С последними словами Светел легонько тряхнул братика, подбросил на сильных плечах. Счастливый Жогушка засмеялся, звонко и радостно.

— А мы по лесу рыщем-свищем! — покачиваясь с ноги на ногу, проговорил Светел.

— Братика Сквару ищем! — весело отозвался малыш.

— Мы не стряпаем, мы идём!

— Куда ни спрячут его — найдём!


Старики давно поняли: дети после Беды вырастали не такими, как прежде. Им было не втолковать многого, что раньше само собой разумелось. Называя свой возраст, ребята порывались считать зимы, а не лета или вёсны, как когда-то велось. Зато во всём, что надлежало до снега, лыж и пёсьих упряжек, дети обгоняли отцов. Сперва старики ворчали на отбившуюся от рук молодёжь, потом унялись. Не сдавалась лишь великая тётушка Шамша Розщепиха, по прозвищу Носыня, вдовая сестрица твёржинского большака.

Одолев высокий порог, она в пояс поклонилась божнице, чтобы тут же укорно заметить:

— Строже бы ты кручину блюла, Равдушенька. Куда с красными рукавами?
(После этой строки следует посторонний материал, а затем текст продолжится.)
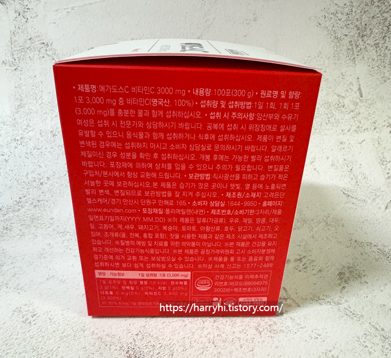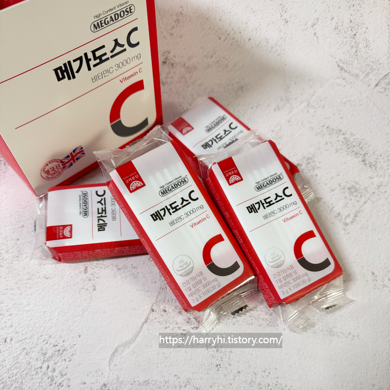 고려은단 메가도스 비타민C 3000mg 하루 한 포를 식중 혹은 식후에 섭취합니다.

Речь шла о тоненькой полоске вышивки по плечам. Прозвучало — как будто вдовица весело нарядилась и на девичьи беседы пошла. Равдуша беспомощно оглянулась на свекровь. Корениха молча прилаживала к тряпичным росомашьим лапкам длинные когти, выгнутые Светелом из прочных, шилья делать, рыбьих костей. Розщепиха поджала губы:

— Вот муж твой, Равдушенька, помню, всегда меня с улыбкой встречал, возле печки усаживал… Без него, видно, и на скамеечке у двери хороша буду!

Чуть промешкавшая Равдуша покраснела, выдернула из короба чистый полавочник, толстый и мягкий: основа шерстяная, уток тряпичный. Расстелила:

— Садись, тётушка Розщепиха.

Гостья села. Она была сухонькая, невысокого роста. На морщинистом личике, объясняя прозвание, хрящеватой потóрчиной выделялся длинный нос. Шамша скрипуче осведомилась:

— Как сынки твои, мамонька, хорошо ли друг с другом живут? — Оглянулась, добавила полушёпотом: — Большун малóго не обижает?
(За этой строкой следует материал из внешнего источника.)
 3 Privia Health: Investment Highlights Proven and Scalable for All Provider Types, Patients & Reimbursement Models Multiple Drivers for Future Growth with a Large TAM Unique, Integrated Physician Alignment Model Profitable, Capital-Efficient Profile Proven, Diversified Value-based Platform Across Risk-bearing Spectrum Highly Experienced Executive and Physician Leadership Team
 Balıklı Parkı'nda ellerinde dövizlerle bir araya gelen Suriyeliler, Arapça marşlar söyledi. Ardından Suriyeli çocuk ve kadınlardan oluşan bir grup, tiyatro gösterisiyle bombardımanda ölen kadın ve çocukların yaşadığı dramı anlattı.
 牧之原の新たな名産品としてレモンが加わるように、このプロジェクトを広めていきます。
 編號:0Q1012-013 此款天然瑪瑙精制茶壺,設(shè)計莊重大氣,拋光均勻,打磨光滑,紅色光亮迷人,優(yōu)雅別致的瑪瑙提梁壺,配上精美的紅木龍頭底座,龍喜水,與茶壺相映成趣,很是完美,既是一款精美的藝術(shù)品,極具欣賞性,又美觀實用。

— Обижает?.. — удивилась Равдуша.

Тоже посмотрела на дверь, вспомнила, что проводила сыновей в лес, почему-то встревожилась.

Старуха подалась к ней, воздела палец:

— Я ж почему спрашиваю? Сама младшенькая росла, любимая… Так меня три сестры старшие уж так обижали, так обижали! Ляжем, бывало, спать, всяку ночь косу мне к полену привяжут, а то вовсе к полатям… А ведь родные сестрицы были, не приёмные какие. Смотрю я на твоего-то, Равдушенька, и уж так боязно мне! Подкидыши, они точно кукушата бывают! Только мать зазевайся… р-раз — птенчика из гнезда вон! Видела намеднича, странно Светел твой на малого смотрел…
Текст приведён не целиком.